The above collection of cases is not intended to be complete and may be increased with ease, we believe. It would be strange for this court to hold contrary now to the above authorities and in effect say the special questions discussed in those cases were insufficient.

We all agree that under the rules of procedure in this jurisdiction nothing is to be presumed in favor of the special findings, and that the general verdict can not be set aside unless the special findings, being consistent with each other, are contrary to the general verdict (Unruh v. Kansas Turnpike Authority, 181 Kan. 521, 313 P.2d 286, and cases cited; see also G.S.1949, 60-2918).

Suppose we look at the answer given by the jury to question No. 4 remembering that as in most of the above cases, the court is asking about acts done 'at the scene of the collision.' Can anyone really believe that the answer did not state acts of negligence which, if true, were not a proximate cause of the accident?

The jury answered that the plaintiff was guilty of: 'Inattentive driving. Failure to watch and judge the speed of on-coming car.' That is, the jury is saying that the plaintiff merely saw the on-coming car, but failed to look carefully enough to see that it was approaching at a speed of sixty miles per hour, and that he made a left turn--without signaling--into the wrong lane of traffic, closely in front of the speeding car.

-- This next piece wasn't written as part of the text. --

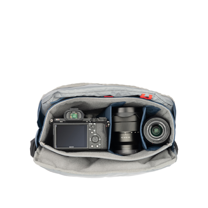 PressPass 20 er ideel som skuldertaske eller slyngetaske. En bred åbning giver hurtig og nem adgang til alt dit grej, uanset om du bruger den som kamerataske eller bare til at skifte objektiv. Den polstrede indsats kan også tages ud for at øge den indvendige plads og skabe en blødere, mere smidig taske.

We might also remember that a sergeant of the Topeka police department testified that defendant laid down 115 feet of skid marks before he hit plaintiff's car and 54 feet after the collision.

We might also note that plaintiff's own testimony--plaintiff being a truthful man--would seem to support the jury's answer to question No. 4. The only fortunate thing about the accident appears to be that neither plaintiff nor his small son who was riding with him seems to have been seriously injured.

Plaintiff makes certain other arguments about the answers to the jury's questions and we have carefully considered them. For the most part, the very cases cited by plaintiff we think show the unavailability of the points stated. We see no reason to discuss the other points.

The answers to the special...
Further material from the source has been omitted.